[Opening GIVEN DATA section]

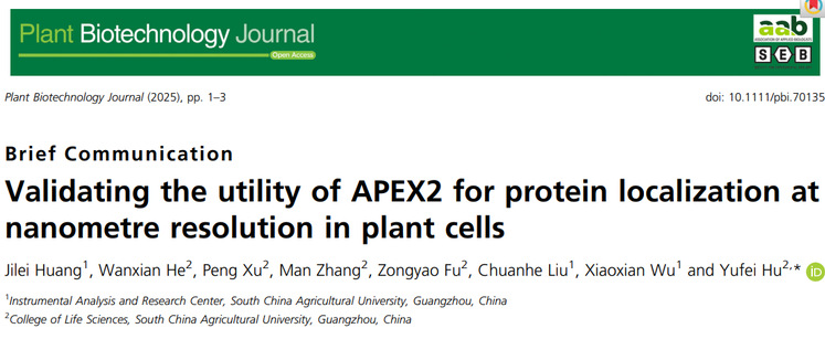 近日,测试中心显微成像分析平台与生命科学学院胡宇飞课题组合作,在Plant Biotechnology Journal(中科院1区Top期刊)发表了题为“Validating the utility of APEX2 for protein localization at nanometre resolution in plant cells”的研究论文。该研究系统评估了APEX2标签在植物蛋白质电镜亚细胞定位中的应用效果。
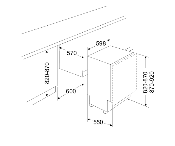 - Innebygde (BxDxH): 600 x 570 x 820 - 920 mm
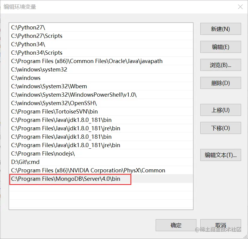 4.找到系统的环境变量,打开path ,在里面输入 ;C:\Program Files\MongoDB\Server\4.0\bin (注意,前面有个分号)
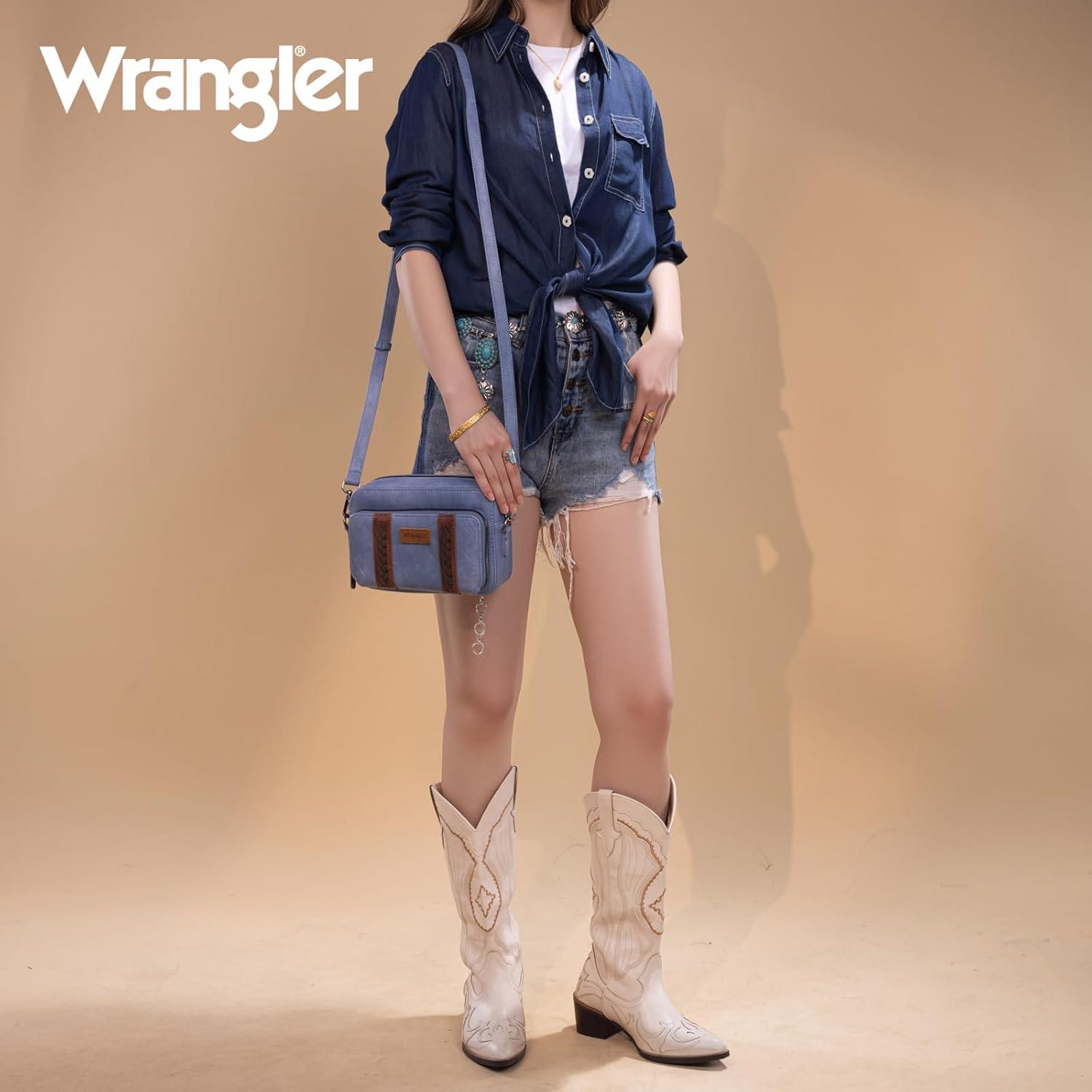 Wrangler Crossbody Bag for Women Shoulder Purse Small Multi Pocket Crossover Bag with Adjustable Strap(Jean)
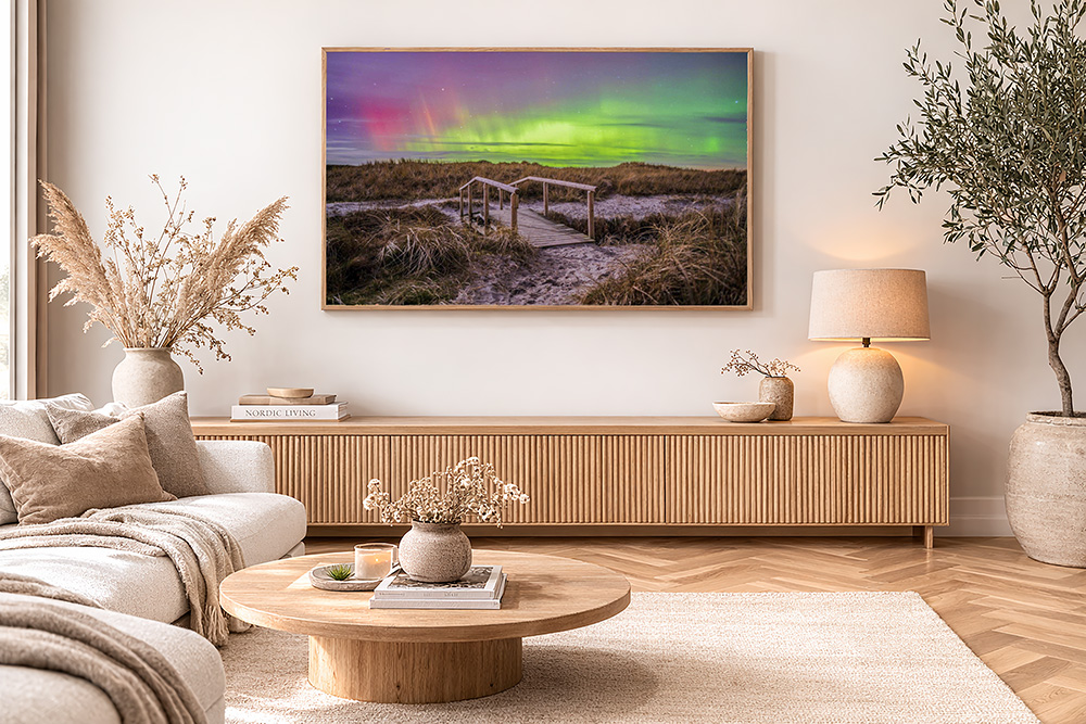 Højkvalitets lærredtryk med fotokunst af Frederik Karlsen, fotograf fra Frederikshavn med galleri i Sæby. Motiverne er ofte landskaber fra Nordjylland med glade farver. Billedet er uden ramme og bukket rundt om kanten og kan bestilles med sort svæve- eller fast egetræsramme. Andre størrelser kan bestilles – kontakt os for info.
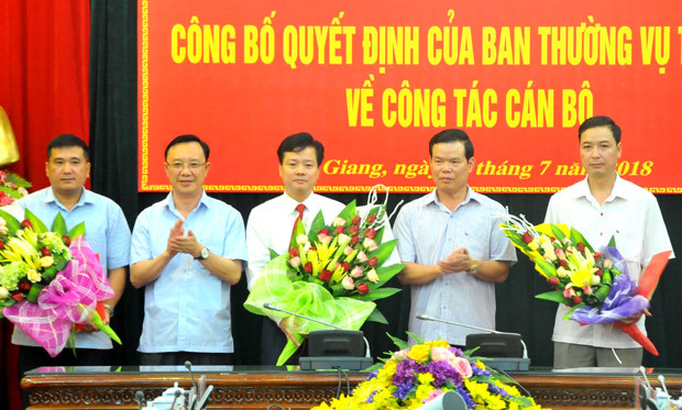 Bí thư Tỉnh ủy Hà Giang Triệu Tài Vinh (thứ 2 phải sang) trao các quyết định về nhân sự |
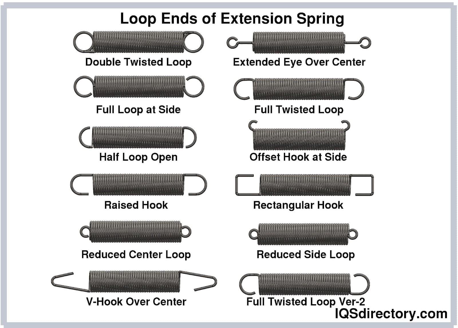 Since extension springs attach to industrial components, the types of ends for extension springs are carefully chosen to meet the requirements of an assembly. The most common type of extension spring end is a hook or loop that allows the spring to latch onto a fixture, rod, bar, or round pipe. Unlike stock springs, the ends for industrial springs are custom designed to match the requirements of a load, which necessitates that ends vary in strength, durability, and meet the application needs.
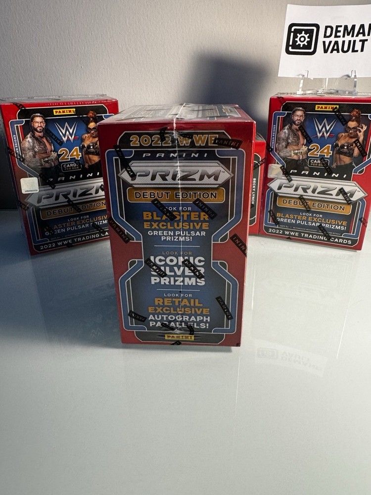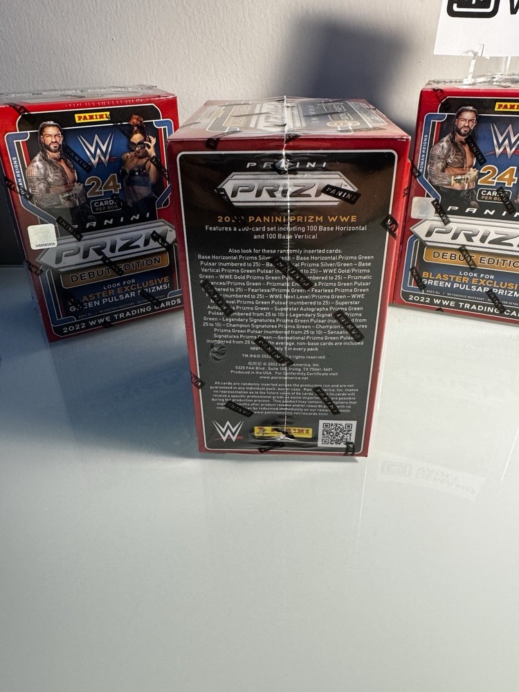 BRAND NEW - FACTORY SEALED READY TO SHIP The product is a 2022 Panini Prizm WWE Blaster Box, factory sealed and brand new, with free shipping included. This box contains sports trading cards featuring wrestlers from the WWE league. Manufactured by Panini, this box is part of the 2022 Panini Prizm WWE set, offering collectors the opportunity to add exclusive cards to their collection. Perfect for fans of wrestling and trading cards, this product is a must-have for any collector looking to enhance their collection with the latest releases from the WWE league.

[Closing GIVEN DATA section]

WORK ORDER: The answer must be the part of the records that opens with the line containing "4.找到系统的环境变量,打开path ,在里面输入 ;C:\Program" and closes with the line containing "Wrangler Crossbody Bag", reproduced exactly, with no pictures.

WRITTEN RESPONSE:
 4.找到系统的环境变量,打开path ,在里面输入 ;C:\Program Files\MongoDB\Server\4.0\bin (注意,前面有个分号)
 Wrangler Crossbody Bag for Women Shoulder Purse Small Multi Pocket Crossover Bag with Adjustable Strap(Jean)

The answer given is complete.